Some history as to how the GOP got where it is now. But read the full essay.
"E.J. Dionne knows that Republican intransigence was not born yesterday, and he has the credentials for saying it because this dependably intelligent liberal tells us, in his new book, that he began as a young Goldwaterite—like Hillary Clinton (or like me). He knows that his abandoned faith sounded themes that have perdured right down to our day. In the 1950s there were many outlets for right-wing discontent—including H.L. Hunt’s Lifeline, Human Events, The Dan Smoot Report, the Fulton Lewis radio show, Willis Carto’s Liberty Lobby, the Manion Forum. In 1955, William F. Buckley founded National Review to give some order and literary polish to this cacophonous jumble. But his magazine had a small audience at the outset. Its basic message would reach a far wider audience through a widely popular book, The Conscience of a Conservative, ghostwritten for Barry Goldwater by Buckley’s brother-in-law (and his coauthor for McCarthy and His Enemies), L. Brent Bozell.

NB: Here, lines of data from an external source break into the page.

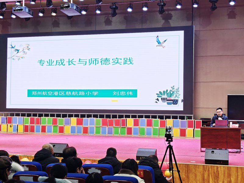 2月9日上午,河南省教書育人楷模、中原英才計劃領(lǐng)軍人才、中原名師、鄭州航空港區(qū)慈航路小學(xué)校長劉忠偉以《專業(yè)成長與師德實踐》為題進行講座。劉忠偉憑借自身豐富的教育實踐經(jīng)歷,對教師專業(yè)成長與師德實踐的關(guān)系展開了鞭辟入里的探討。他從教師專業(yè)成長的路徑講起,針對不同教齡階段的教師特點,提出了個性化的發(fā)展建議。談及師德實踐,他分享了一個個在校園里真實發(fā)生的故事,生動地詮釋了師德的內(nèi)涵,讓教師們深刻認識到,師德體現(xiàn)在與學(xué)生相處的每一個瞬間,體現(xiàn)在對學(xué)生的尊重、理解與關(guān)愛。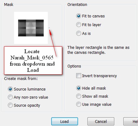 11. Layers/Load/Save Mask/Load Mask from Disk. Find Narah_Mask_0565 from drop down. Load.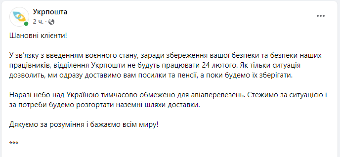 "В связи с введением военного положения, ради сохранения вашей безопасности и безопасности наших работников отделения "Укрпочты" не будут работать 24 февраля. Как только ситуация позволит, мы сразу доставим посылки и пенсии, а пока будем их хранить", - говорится в сообщении.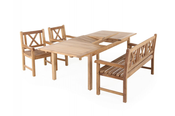 Sættet består af 3-personers bænk, 2 stole samt flot udtræksbord. Alt i massiv kerne teaktræ.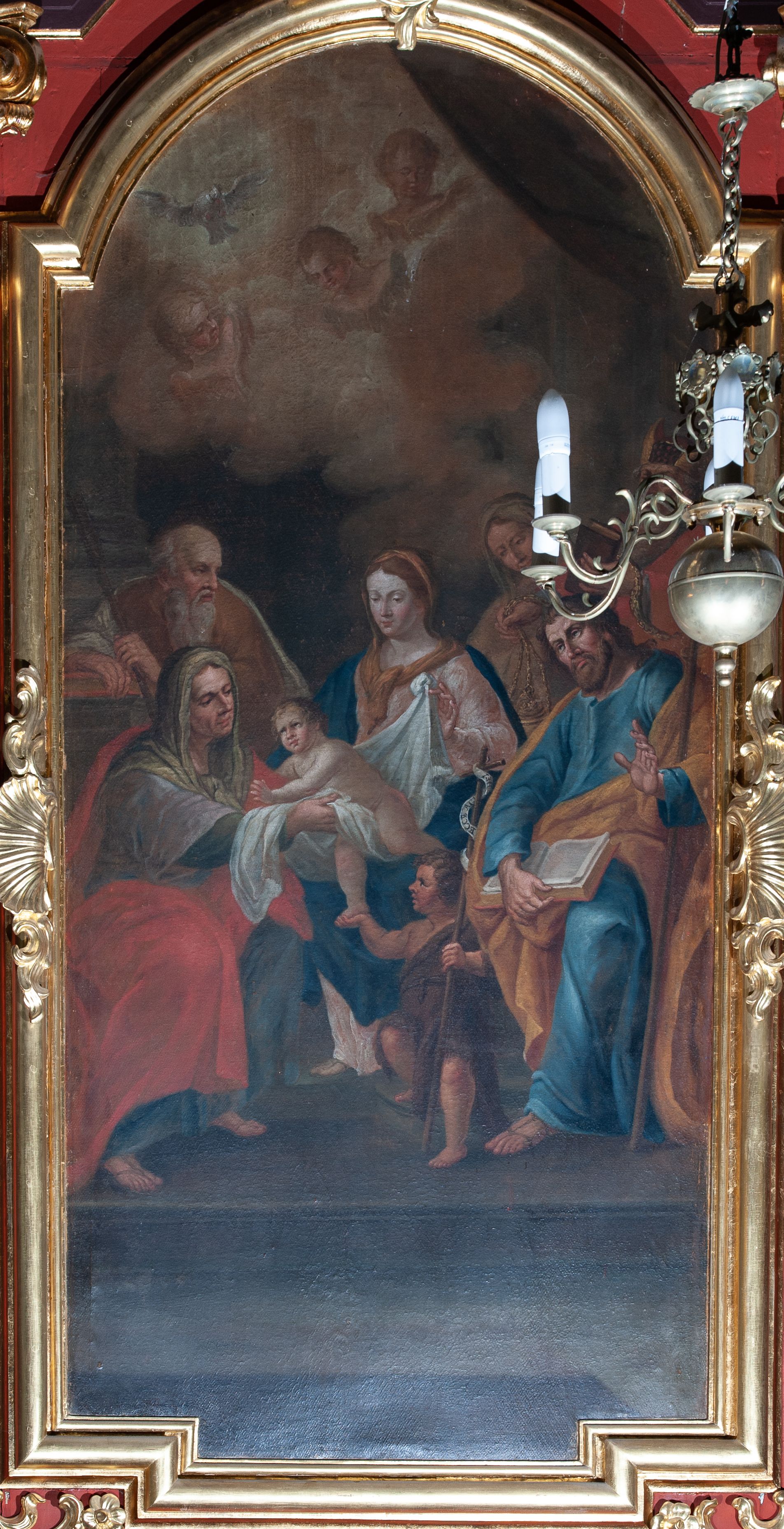W polu środkowym wycięta wnęka ujęta profilowaną ramą w kształcie stojącego prostokąta, zamkniętego łukiem nadwieszonym. We wnęce obraz z przedstawieniem Świętej Rodziny, nad którym rzeźbiony kartusz formowany z ornamentu rocaille'owego.

The idea for the book came from Clarence Manion, the former dean of Notre Dame Law School. He persuaded Goldwater to have Bozell, who had been his speechwriter, put his thoughts together in book form. Then Manion organized his own and other right-wing media to promote and give away thousands of copies of the book. Bozell did his part too—he went to a board meeting of the John Birch Society and persuaded Fred Koch (father of Charles and David Koch) to buy 2,500 copies of Conscience for distribution. The book put Goldwater on the cover of Time three years before he ran for president. A Draft Goldwater Committee was already in existence then (led by William Rusher of National Review, F. Clifton White, and John Ashbrook). Patrick Buchanan spoke for many conservatives when he called The Conscience of a Conservative their “New Testament.”